Framework-agnostic library for deploying AI agents via HTTP, A2A, and MCP — with built-in observability, prompt management, evaluation, and agent discovery through KiboStudio.

PyPI Python License


Table of Contents


Overview

KiboUP lets you build and deploy AI agents with one codebase and expose them over three industry-standard protocols:

Protocol Best For Server Class Client Class
HTTP Web apps, REST APIs, microservices KiboAgentApp KiboAgentClient
MCP Tool-based agents, IDE integrations KiboAgentMcp KiboMcpClient
A2A Agent-to-agent communication KiboAgentA2A KiboA2AClient

All three protocols share:

  • API key authentication middleware
  • Structured JSON logging with LLMUsage metadata
  • Health checks and task management
  • Optional KiboStudio integration for observability

Installation

# Core (HTTP only)
uv add kiboup

# With MCP support
uv add "kiboup[mcp]"

# With A2A support
uv add "kiboup[a2a]"

# With KiboStudio (observability, prompts, eval, discovery)
uv add "kiboup[studio]"

# Everything
uv add "kiboup[all]"

Protocols: When to Use What

HTTP (KiboAgentApp / KiboAgentClient)

Use HTTP when you need a standard REST API for your agent. This is the most versatile option — it works with any frontend, supports streaming via SSE, WebSocket connections, task tracking, and integrates seamlessly with KiboStudio tracing.

Best for: Web applications, mobile backends, microservice architectures, any client that speaks HTTP.

Features:

  • POST /invocations — invoke the agent
  • GET /ping — health check (Healthy / Busy)
  • GET /tasks — list active tasks
  • DELETE /tasks/{id} — cancel a task
  • WS /ws — WebSocket endpoint
  • SSE streaming support
  • API key authentication
  • Automatic KiboStudio trace reporting

MCP (KiboAgentMcp / KiboMcpClient)

Use MCP when your agent exposes tools that other agents or IDEs can discover and call. The Model Context Protocol is the standard for tool-based interactions — think of it as a plugin system for LLMs.

Best for: IDE integrations (Cursor, VS Code), tool-based agents, agents that expose capabilities as callable functions.

Features:

  • Tool registration via @app.tool() decorator
  • Resource and prompt registration
  • SSE and stdio transports
  • Compatible with MCP Inspector and all MCP clients
  • API key authentication

A2A (KiboAgentA2A / KiboA2AClient)

Use A2A when agents need to discover and communicate with each other using Google's Agent-to-Agent protocol. Each agent publishes an Agent Card at /.well-known/agent.json describing its skills.

Best for: Multi-agent systems, agent marketplaces, cross-organization agent communication.

Features:

  • Agent Card auto-generation at /.well-known/agent.json
  • Skill-based routing
  • Task lifecycle management (create, cancel)
  • Bearer token and API key authentication
  • Compatible with any A2A client

Quick Start

HTTP Agent (Server + Client)

Server (agent_server_example.py):

from langchain_openai import ChatOpenAI
from langgraph.graph import START, MessagesState, StateGraph

from kiboup import KiboAgentApp, LLMUsage

app = KiboAgentApp(
    api_keys={
        "sk-frontend-abc": "web-app",
        "sk-agent-xyz": "recommender-agent",
    }
)

llm = ChatOpenAI(model="gpt-4o-mini")
graph_builder = StateGraph(MessagesState)

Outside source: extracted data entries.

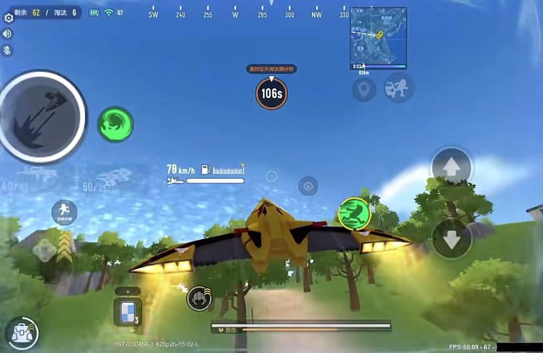 二、限时神秘道具:胜利飞燕号,可发射弹药,伤害大,但是操作难,只能控制摇杆来射击对新手玩家不大友好,在这里就建议新手玩家别拿了,拿了也是白给(除非你对你的技术非常自信)耗油量巨大,玩它的时候要提前捡几桶油,多捡几桶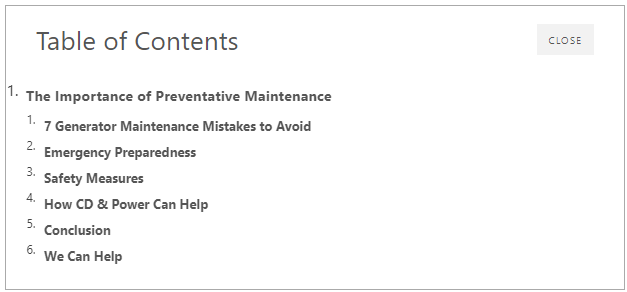 Our maintenance programs are not only designed to keep your generator in peak condition and avoid generator maintenance mistakes but also integrate seamlessly with your broader emergency response strategy. By partnering with CD & Power, you can rest assured that your generator will be meticulously maintained and ready to deliver power during any crisis.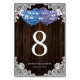 Rustic purple and blue floral wedding table number featuring two floral hearts against a rustic wood background adorned with white floral lace and string lights.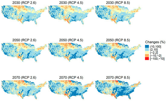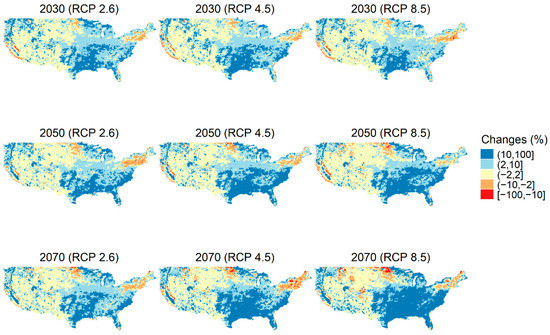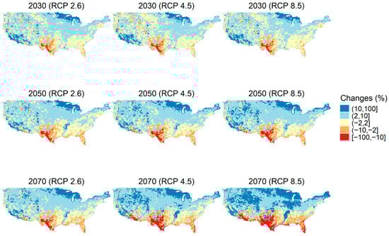Percentage changes of grassland share between 2016 and select time periods under alternative representative concentration pathways.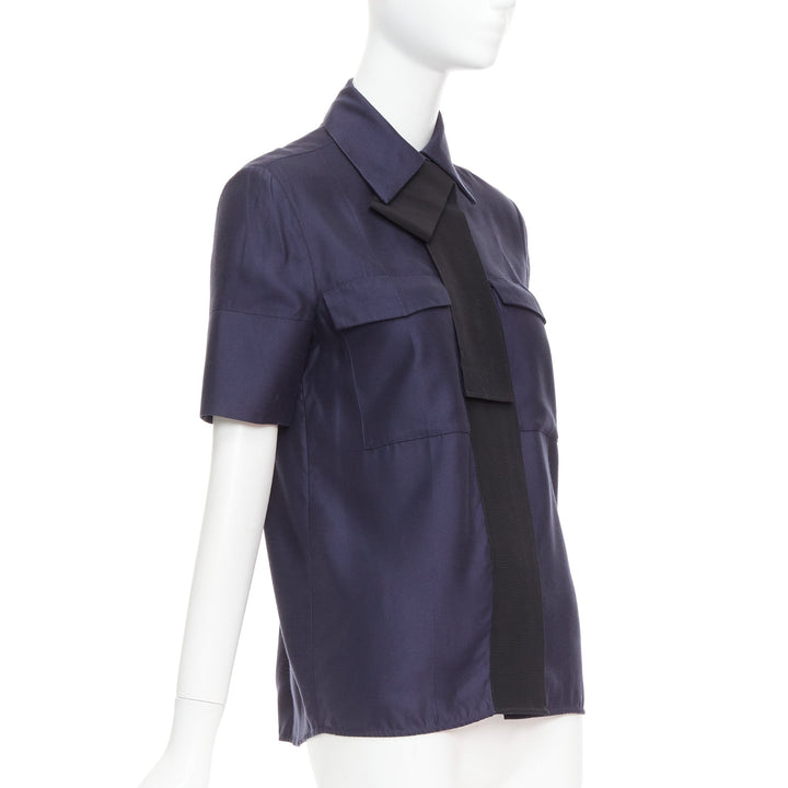VVB VICTORIA BECKHAM navy black trimmed boxy utility shirt UK6 S

def chatbot(state: MessagesState):
    return {"messages": [llm.invoke(state["messages"])]}

graph_builder.add_node("chatbot", chatbot)
graph_builder.add_edge(START, "chatbot")
graph = graph_builder.compile()

def _extract_llm_usage(ai_message) -> LLMUsage:
    usage_meta = getattr(ai_message, "usage_metadata", None) or {}
    resp_meta = getattr(ai_message, "response_metadata", {})
    return LLMUsage(
        model=resp_meta.get("model_name"),
        provider="openai",
        input_tokens=usage_meta.get("input_tokens"),
        output_tokens=usage_meta.get("output_tokens"),
        total_tokens=usage_meta.get("total_tokens"),
    )

@app.entrypoint
async def invoke(payload, context):
    prompt = payload.get("prompt", "")
    result = await graph.ainvoke({"messages": [{"role": "user", "content": prompt}]})
    last_message = result["messages"][-1]

    usage = _extract_llm_usage(last_message)
    context._llm_usage = usage

    return {
        "response": last_message.content,
        "called_by": context.client_id,
        "llm_usage": usage.to_dict(),
    }

if __name__ == "__main__":
    app.run(host="0.0.0.0", port=8080, reload=True)

Client (agent_client_example.py):

import asyncio
from kiboup import KiboAgentClient

async def main():
    async with KiboAgentClient(
        base_url="http://127.0.0.1:8080",
        api_key="sk-frontend-abc",
    ) as client:
        health = await client.ping()
        print(f"Server health: {health}")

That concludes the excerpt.